Your task:
Would you return exactly the lines below from the line with "Nachhaltigkeit im Wirtschaftsrecht" through the line with "2do Lugar Campeonato en Chiloé", both included, and nothing else, leaving out the pictures?

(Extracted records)
+---+

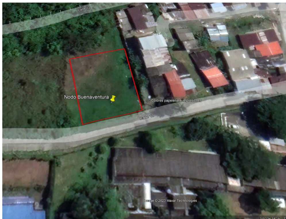
Imagen satelital No. 1
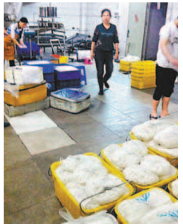
■加工河粉的作坊環境惡劣,氣味刺鼻。
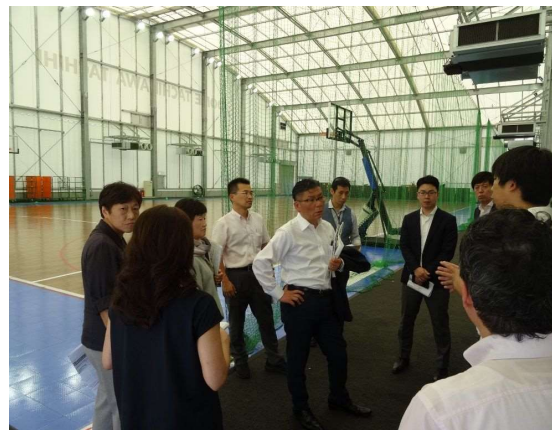
アリーナ立川立飛
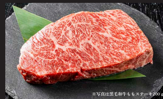
※写真は黒毛和牛ももステーキ200g
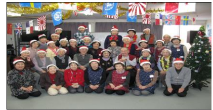
< 季節行事：クリスマス >
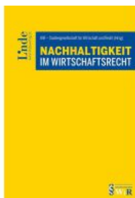
Nachhaltigkeit im Wirtschaftsrecht Ladenpreis: 69,00EUR
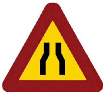
700 mm. Provisional obra. Ref. CV0608
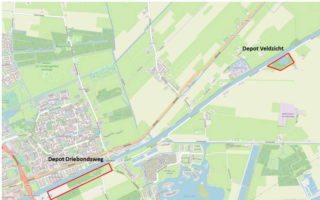
Figuur 1 Ligging van depot Driebondsweg en depot Veldzicht.
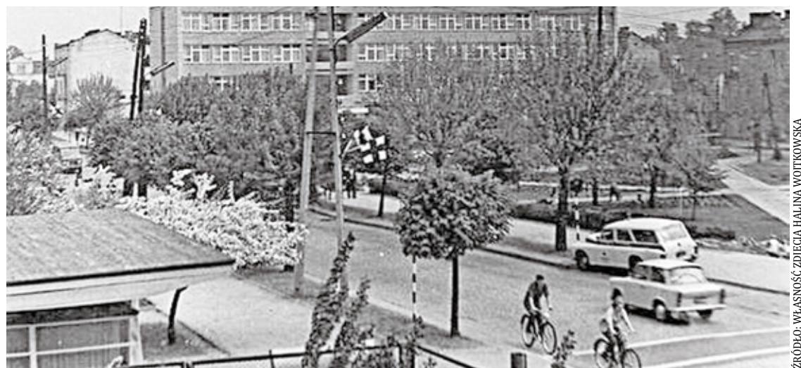
Samochód karetki pogotowia. Zdjęcie zrobione tuż przy budynku Pogotowia Ratunkowego w Piasecznie, jedno z wielu miejsc pracy bohatera mojego opowiadania

się tajnym nauczaniem, za tę działalność dostanie na koniec swojej pracy order Polonia Restituta. Podróż z Pia-
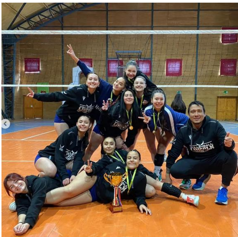
2do Lugar Campeonato en Chiloé

Voleibol Media logró el 2do Lugar en Campeonato Nacional realizado en la ciudad de Chiloé.
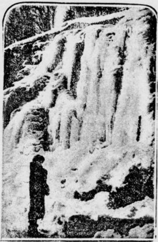
Pogosta slika v sedanjih zimskih sezonah: Zamrzel slap v bližini Chamonia v francoskih Alpah.
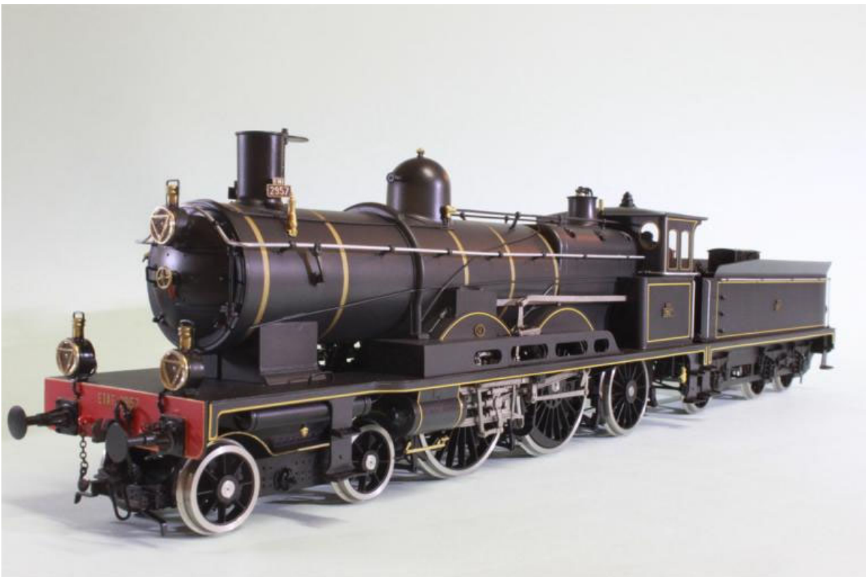
ETAT 221-2957 "Atlantic, avec le tender à 3 essieux d'origine NORD, (notre Art.no.: 2659/6), cette machine est de couleur GRIS/BLEU foncé avec des filets jaune

D'autres pays que la France en firent l'essai: le Great Western anglais avec deux exemplaires qui restèrent en service courant après quelques transformations et plaidèrent pour la pratique du compoundage dans ce pays, ou le réseau américain du Pennsylvania qui fit un essai avec une locomotive. Toutefois, ces essais ne furent pas suivis d'une descendance, la locomotive française ayant trop de différences techniques par rapport aux machines classiques de ces pays.

+---+

Task solution:
Nachhaltigkeit im Wirtschaftsrecht Ladenpreis: 69,00EUR
700 mm. Provisional obra. Ref. CV0608
Figuur 1 Ligging van depot Driebondsweg en depot Veldzicht.
Samochód karetki pogotowia. Zdjęcie zrobione tuż przy budynku Pogotowia Ratunkowego w Piasecznie, jedno z wielu miejsc pracy bohatera mojego opowiadania

się tajnym nauczaniem, za tę działalność dostanie na koniec swojej pracy order Polonia Restituta. Podróż z Pia-
2do Lugar Campeonato en Chiloé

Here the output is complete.